—Pero que grande estas.—Dijo Katia con una sonrisa y brillo en sus ojos.—Hace años que no te veía, ¿10 o 20?
—Que exagerada hace 4 que no nos vemos.—Dije y la abrace.
—Bueno gracias por entretener a mi hermosa esposa, pero felicidades pequeño demonio.—Kev me abrazo y luego comenzó a dar vueltas conmigo como loco.—Me entere que te veremos graduar.—Sonrió y volvió a abrazarme solo que esta vez Katia se unió al abrazo.
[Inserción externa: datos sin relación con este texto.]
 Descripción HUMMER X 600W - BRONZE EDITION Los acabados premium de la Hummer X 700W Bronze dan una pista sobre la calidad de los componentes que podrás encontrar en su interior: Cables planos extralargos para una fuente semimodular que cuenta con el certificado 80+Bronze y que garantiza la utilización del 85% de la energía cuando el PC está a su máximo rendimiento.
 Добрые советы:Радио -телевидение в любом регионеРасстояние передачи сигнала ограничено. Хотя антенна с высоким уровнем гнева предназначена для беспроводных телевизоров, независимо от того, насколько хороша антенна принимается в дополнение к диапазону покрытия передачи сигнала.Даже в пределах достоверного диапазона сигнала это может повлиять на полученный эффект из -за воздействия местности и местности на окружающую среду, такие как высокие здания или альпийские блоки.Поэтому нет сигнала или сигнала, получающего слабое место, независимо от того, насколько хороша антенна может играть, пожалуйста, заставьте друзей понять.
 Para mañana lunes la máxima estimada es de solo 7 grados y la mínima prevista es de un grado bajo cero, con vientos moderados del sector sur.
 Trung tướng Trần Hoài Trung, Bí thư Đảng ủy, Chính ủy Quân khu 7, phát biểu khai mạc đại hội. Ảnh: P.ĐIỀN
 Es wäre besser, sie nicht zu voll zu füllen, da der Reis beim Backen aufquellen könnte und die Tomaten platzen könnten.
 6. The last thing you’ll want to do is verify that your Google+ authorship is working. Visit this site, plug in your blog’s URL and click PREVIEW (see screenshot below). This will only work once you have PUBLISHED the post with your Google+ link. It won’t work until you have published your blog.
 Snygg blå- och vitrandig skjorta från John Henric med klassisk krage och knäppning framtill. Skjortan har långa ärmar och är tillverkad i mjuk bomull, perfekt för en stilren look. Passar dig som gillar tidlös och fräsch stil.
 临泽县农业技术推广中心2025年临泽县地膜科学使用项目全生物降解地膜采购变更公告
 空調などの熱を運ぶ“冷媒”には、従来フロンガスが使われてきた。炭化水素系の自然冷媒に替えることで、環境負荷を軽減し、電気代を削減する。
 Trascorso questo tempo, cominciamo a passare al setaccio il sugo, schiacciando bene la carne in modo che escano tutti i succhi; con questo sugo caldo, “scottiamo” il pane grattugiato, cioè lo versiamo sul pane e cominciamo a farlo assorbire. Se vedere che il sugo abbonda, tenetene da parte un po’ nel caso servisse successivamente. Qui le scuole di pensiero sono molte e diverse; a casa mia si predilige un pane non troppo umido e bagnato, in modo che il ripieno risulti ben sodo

Ambos decidieron festejar mi aun no graduación por su cuenta y desaparecieron, ellos son la razón por la que siga creyendo en el amor, duraron 6 años de novios mientras ambos terminaban la universidad y luego se comprometieron pero decidieron esperar 2 años a que ambos hubieran logrado tener sus propios ingresos, y hacer la boda de sus sueños con su propio dinero y han vivido felices por siempre durante otros 6 años.
Katia es como mi madre, me conoce desde que era un bebe y cuando mi madre decidió abandonarnos ella fue mi figura materna, se ha vuelto mi mejor amiga y confidente.
La fiesta siguió su curso, gente a la que no conocía seguía llegando y el lugar cada vez se llenaba de luces y licor, me dirigí a la barra donde estaba Aaron, me deje caer en el banquillo que se encontraba frente a mi y me ofreció un Manhattan al que termine por darle un largo trago.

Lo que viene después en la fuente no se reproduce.